У ворот собрались все жители городца – кроме разве тех, кто нёс дозор на стенах. Тишина стояла такая, что даже собаки молчали – разве что пара самых маленьких и глупых щенков звонко тявкнула и смолкла в изумлении. Не собакам было понимать творившееся – людям-то многим было невдомек, но охватившую хозяев оторопь псы почувствовали. И силу, веявшую от незнакомца, вслед за вождём въехавшего в увенчанные лосиными рогами ворота. Силу Са́мого Старшего, Хозяина Хозяев.

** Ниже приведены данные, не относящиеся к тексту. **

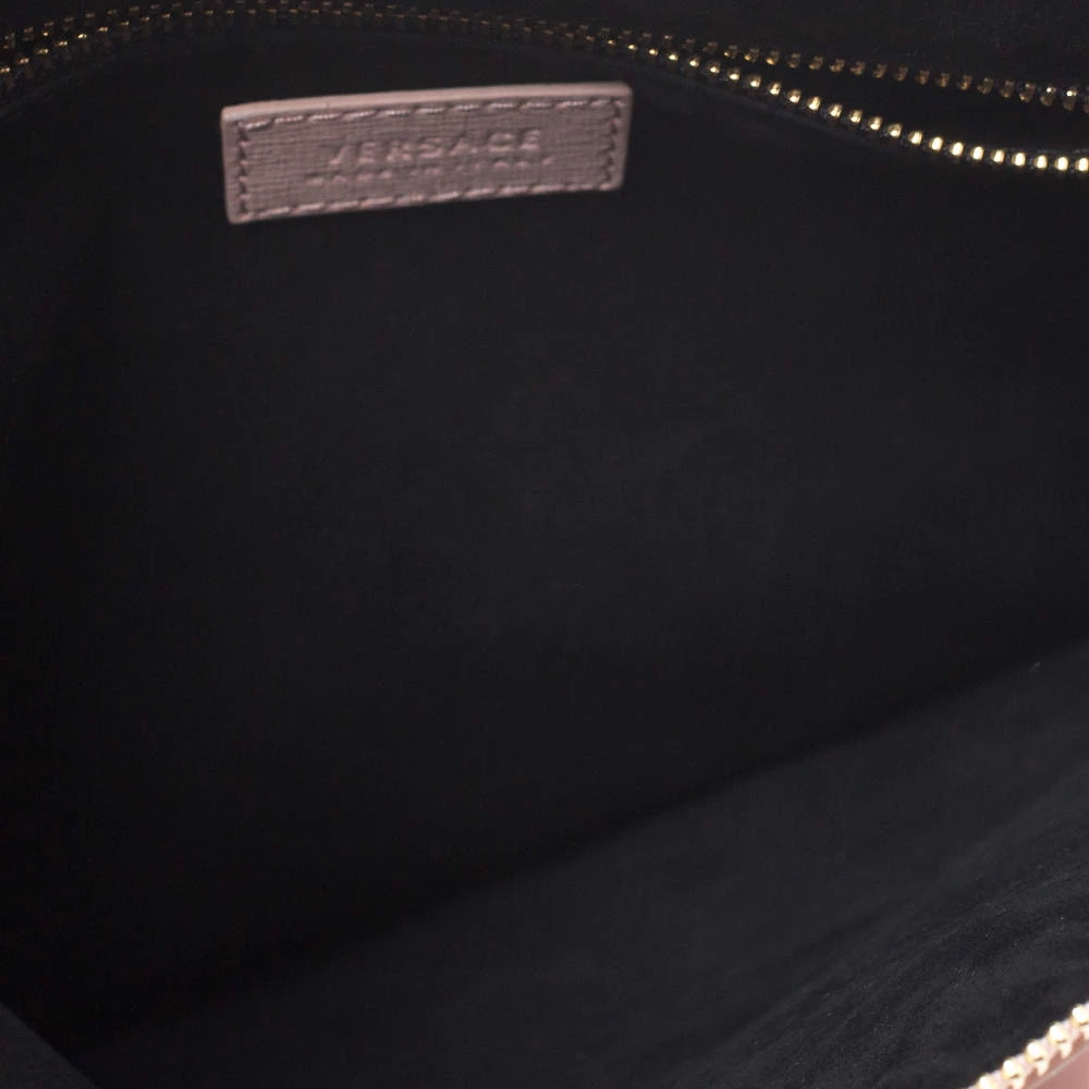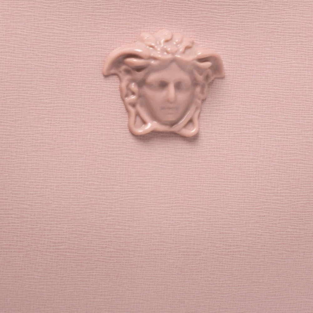 This Versace clutch is great for special occasions and will make sure you stand out from the crowds. Crafted in Italy, it is made from quality leather and comes in a lovely shade of pink. It is styled with the iconic Medusa motif on the front that adds interest, gold-tone hardware and a zip closure that leads to a fabric interior. It is finished with a wristlet strap.

Все молча смотрели, как вождь Кромегость, спешившись первым, помогает седобородому чужаку сойти с коня – что само по себе было невиданно. Дед Хотегоща давно не садился в седло, а более никому Кромегость, сын Дивогостя, до сего дня не держал стремени. Потом вперёд выступили двое – Дед в своей высокой шапке и знахарка Хотегоща, желтоглазая круглолицая, с резкими скулами, Мещёра. Несколько мгновений трое – гость и вышедшие ему навстречу – стояли неподвижно. Потом Доуло наклонил седую голову, Дед же – по толпе, как ветер по роще, прошелестел сдавленный вздох – снял колпак, обнажив поднявшуюся ото лба к макушке лысину в обрамлении седых волос, и, держа его на сгибе руки, будто шлем, опустился на одно колено. Согнулась в поясном поклоне и так застыла Мещёра. Доуло с легкой, почти незаметной поспешностью шагнул вперед и коснулся пальцами сперва плеч Деда, потом – согнутой спины Мещёры. Дед и знахарка повели гостя к главному дому городца через спешно расступавшуюся толпу, а вождь Кромегость шёл за ними, будто простой воин.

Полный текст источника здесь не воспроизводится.